* **What to work on**
Copy the entries exactly. Leave out any pictures.

* **Data supplied**
..............................

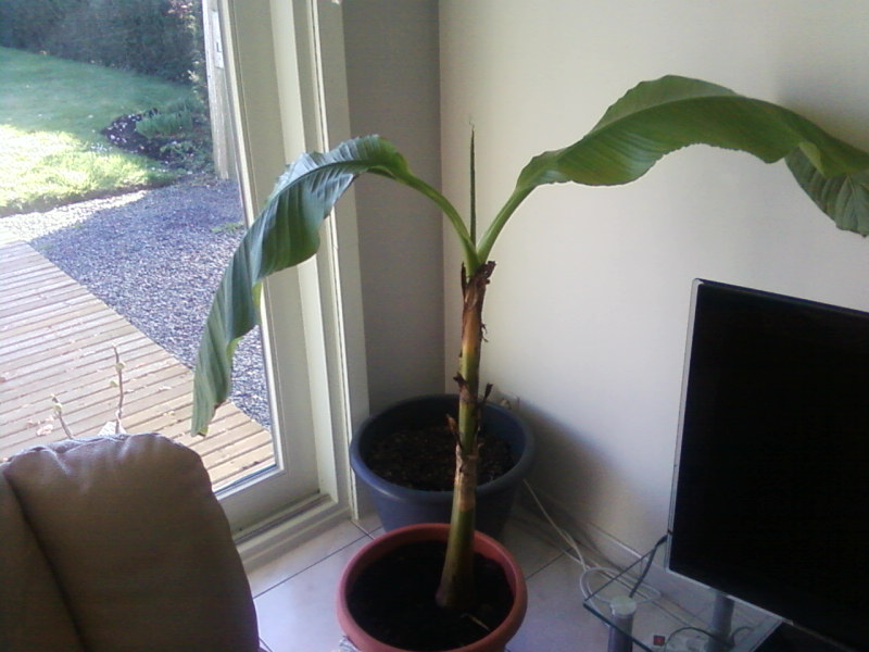 Zoals het er nu uitziet heb ik 1 banaan verloren (basjoo red). Maar ik heb wel een vraag: wanneer ga ik beginnen water te geven? Ze staan al de hele winter in de garage (temp is net vorstvrij), hebben nog geen druppel gehad.
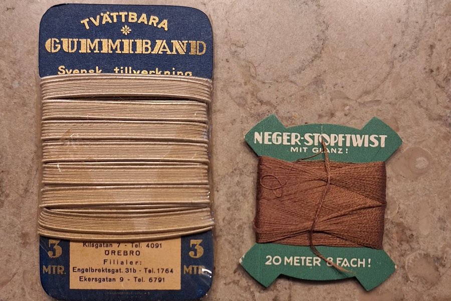 Gummibandsförpackningen är oöppnad från 1940-talet. Stoppgarnet är i princip oanvänt.
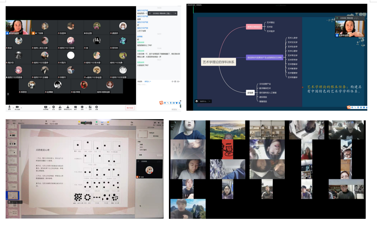 线上教学总体情况:视觉传达设计专业全体教师以最饱满的热情投入到线上教学活动中,每位教师做到提前联系学生,开展授课预备会,能够与所带班级班干部及时沟通,了解每个班的情况,尤其是因防疫被暂时隔离的同学,做到一对一的关心与关注。线上教学开展顺利,学生能按时进入教学平台,与授课教师良好沟通,按时完成课堂练习,教师能够认真负责对学生的作品进行点评与修改。课下,教师通过线上沟通平台给学生推荐扩展阅读,发挥线上教学的优势。
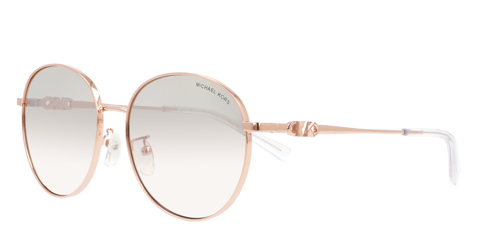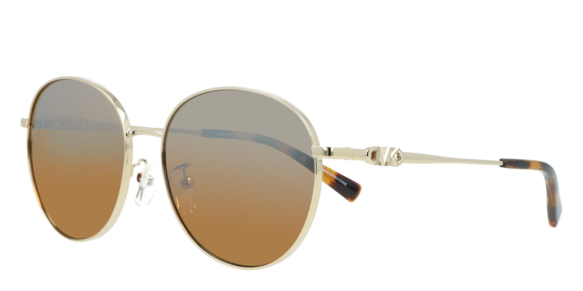 The MK1119 sunglasses from Michael Kors are a bold, timeless design. The round frames are made in lightweight, corrosion resistant metal that retains its shape. The slim temples curve inward softly for stability behind the ears and boast a sleek silhouette. With their distinctive center hook detail at the brow end, these sunglasses exude urban chic.
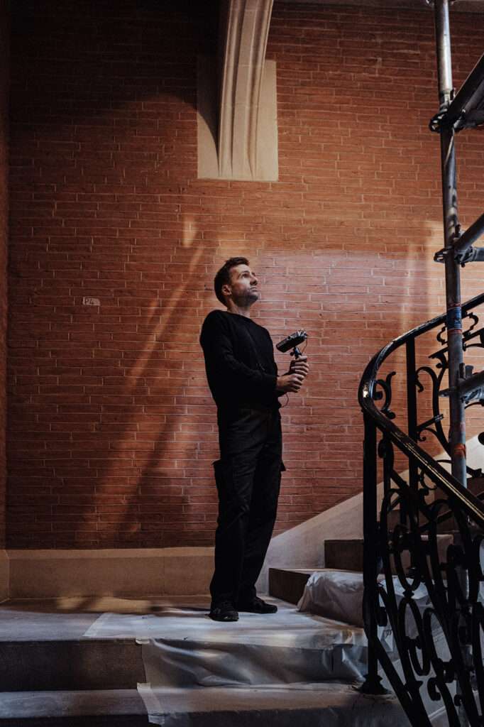 L’artiste Pablo Valbuena réalise un enregistrement dans l’escalier Viollet-le-Duc, Mairie de Toulouse, musée des Augustins photo Sébastien Vaissière

..............................

* **Written response**
 Zoals het er nu uitziet heb ik 1 banaan verloren (basjoo red). Maar ik heb wel een vraag: wanneer ga ik beginnen water te geven? Ze staan al de hele winter in de garage (temp is net vorstvrij), hebben nog geen druppel gehad.
 Gummibandsförpackningen är oöppnad från 1940-talet. Stoppgarnet är i princip oanvänt.
 线上教学总体情况:视觉传达设计专业全体教师以最饱满的热情投入到线上教学活动中,每位教师做到提前联系学生,开展授课预备会,能够与所带班级班干部及时沟通,了解每个班的情况,尤其是因防疫被暂时隔离的同学,做到一对一的关心与关注。线上教学开展顺利,学生能按时进入教学平台,与授课教师良好沟通,按时完成课堂练习,教师能够认真负责对学生的作品进行点评与修改。课下,教师通过线上沟通平台给学生推荐扩展阅读,发挥线上教学的优势。
 The MK1119 sunglasses from Michael Kors are a bold, timeless design. The round frames are made in lightweight, corrosion resistant metal that retains its shape. The slim temples curve inward softly for stability behind the ears and boast a sleek silhouette. With their distinctive center hook detail at the brow end, these sunglasses exude urban chic.
 L’artiste Pablo Valbuena réalise un enregistrement dans l’escalier Viollet-le-Duc, Mairie de Toulouse, musée des Augustins photo Sébastien Vaissière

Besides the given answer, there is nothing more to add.